--- INPUT DATA Enclosed Below ---

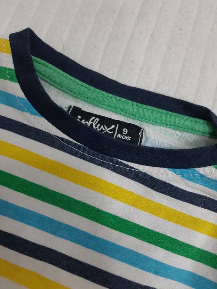 Tee-shirt manches longues rayé coloré, Influx, 9 mois Pantalon bleu, taille élastique réglable, Tape à l'oeil, 9 mois #anthonyagnes_bebe9M
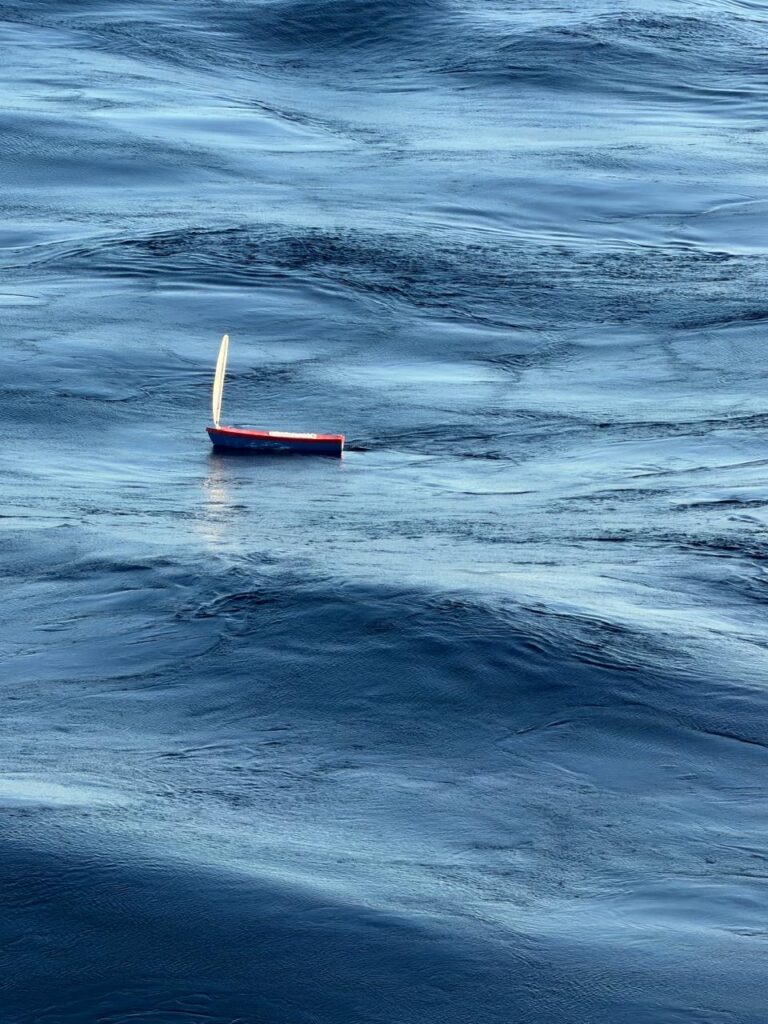With calm waters, waves around 1 meter in height moving west, winds strong at 12.8 knots moving WSW, both miniboats left the “not-so miniboat” quickly excited to get under way on their journey.
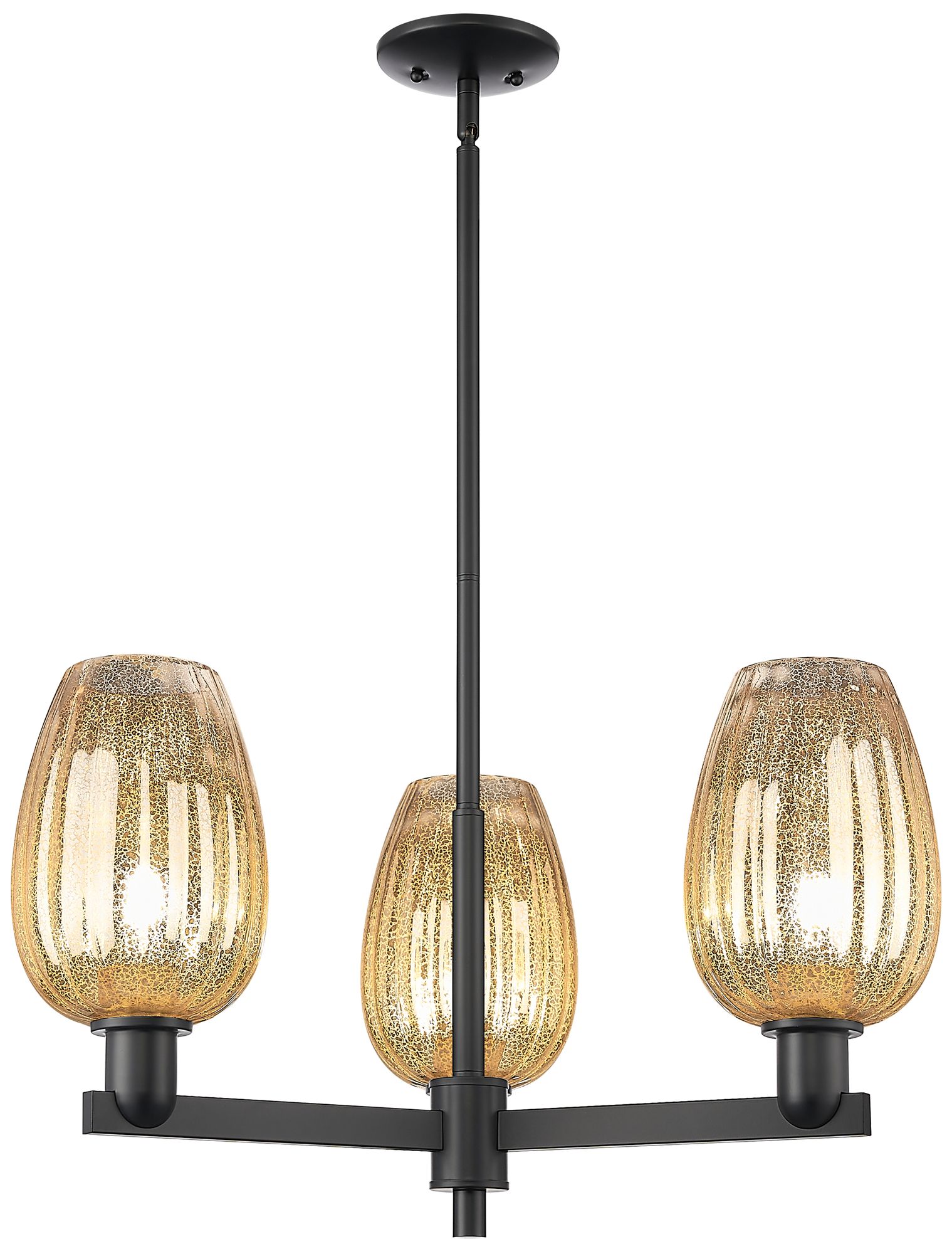 Preston 18"W 3 Light Matte Black Stem Chandelier w/ Flute Mercury Shade

--- End of Enclosed INPUT DATA ---

- PROBLEM DESCRIPTION
The answer should consist only of the lines from the line with "With calm waters, waves" through the last line of the data, repeated exactly; pictures stay out.

- OUTPUT
With calm waters, waves around 1 meter in height moving west, winds strong at 12.8 knots moving WSW, both miniboats left the “not-so miniboat” quickly excited to get under way on their journey.
 Preston 18"W 3 Light Matte Black Stem Chandelier w/ Flute Mercury Shade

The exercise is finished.